Это «товарищи!» произносилось во сне на всякие лады: и невнятно («та-аищи»), и торжественно, по слогам, и по-дружески весело, и зазывно, как в цирке, с ударением на последнем слоге. Сказано слово — и сон рушится, Степан Сергеич будто с высоты падал, ворочался и открывал глаза.
Однажды он решился — не на выступление с трибуны, а на вопрос с места.

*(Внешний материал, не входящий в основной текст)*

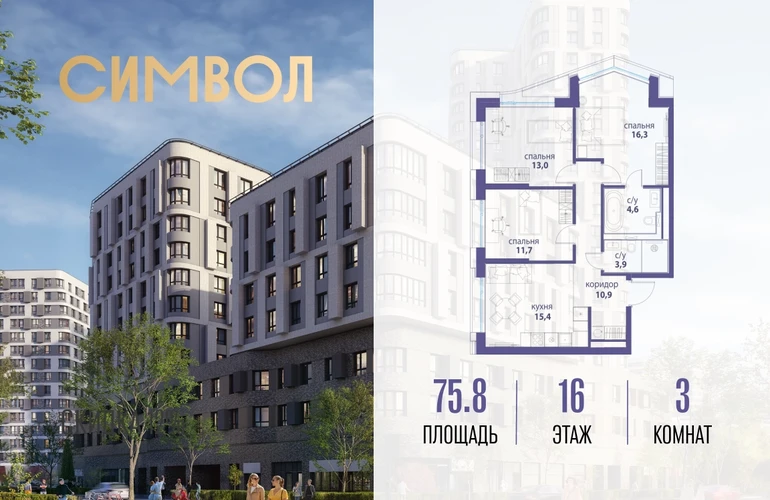 Продается 3-комнатная квартира от застройщика: общая площадь 75.80 м², жилая 41.00 м², кухня 15.40 м², 16-й этаж, жилой квартал «Вдохновение», корпус 33 (секция 3). Срок сдачи: 4 квартал 2027 года. Позвоните сейчас и забронируйте квартиру! Квартал бизнес-класса СИМВОЛ — это городское пространство нового поколения в историческом районе Лефортово, на границе ЦАО, в 2 км от Садового кольца. Бионическая архитектура СИМВОЛА превратила Лефортово в суперсовременное и модное пространство. Из окон, с балконов и террас просторных квартир СИМВОЛА открываются отличные виды на город и новый парк «Зеленая река», «протекающий» через все кварталы комплекса на 2 км. В квартале уже есть все, что нужно для комфортной жизни: кафе и рестораны, супермаркеты и магазины, медицинские и физкультурно-оздоровительные центры, салоны красоты и барбершопы, аптеки и оптики, химчистки, пункты доставки и другие сервисы — всего более 90 действующих объектов внутриквартальной инфраструктуры. Для юных жителей СИМВОЛА открыты детский сад и инженерный лицей при МГТУ им. Баумана. Особенности квартала: • Свой парк «Зеленая Река» - 10 га зелени и развлечений на любой вкус! • Уникальная для Москвы архитектура - Проект создан архитектурной мастерской ATRIUM по дизайн-коду британских бюро LDA Design и UHA London. • Богатая инфраструктура с детскими садами и лицеем им. Баумана, кафе и ресторанами, супермаркетами и аптеками, зоной для фитнеса, бассейном и мед. центром. • Квартиры с панорамными окнами, террасами, ванными с окнами и каминами редких форматов. • Закрытые безопасные зелёные дворы-парки без машин!О застройщике
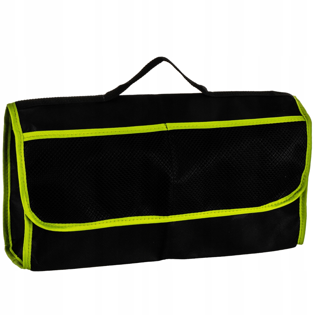 Organizer został wykonany z trwałego materiału, wyposażony w dużą komorę, kieszenie z elastycznej siatki na pokrywie oraz rączkę do łatwego przenoszenia.

На собрании признавал ошибки один из представителей главка. Некто Пикалов был послан в НИИ проследить за разработкой очень важного заказа. Не удовлетворяясь этим, он задергал весь институт своими приказаниями, сбил очередность всех заказов, критиковал, рекомендовал, наставлял и прорабатывал. Труфанов не выдержал, на квартире своей устроил частное совещание с Баянниковым и Молочковым и ударил по Пикалову письмом. В главке всполошились, дали Пикалову какой-то выговор, услали его на Восток замаливать грехи. Выступая на собрании, товарищ из главка отозвался о Пикалове так: «не совсем разобравшийся в обстановке Пикалов». Поэтому все говорившие в прениях повторяли и повторяли: не совсем разобравшийся в обстановке Пикалов, не совсем разобравшийся в обстановке Пикалов… Точно никто не знал, в чем провинился этот Пикалов, а кто и знал, так не хотел углубляться: руководство не желает детализировать — значит, нельзя детализировать.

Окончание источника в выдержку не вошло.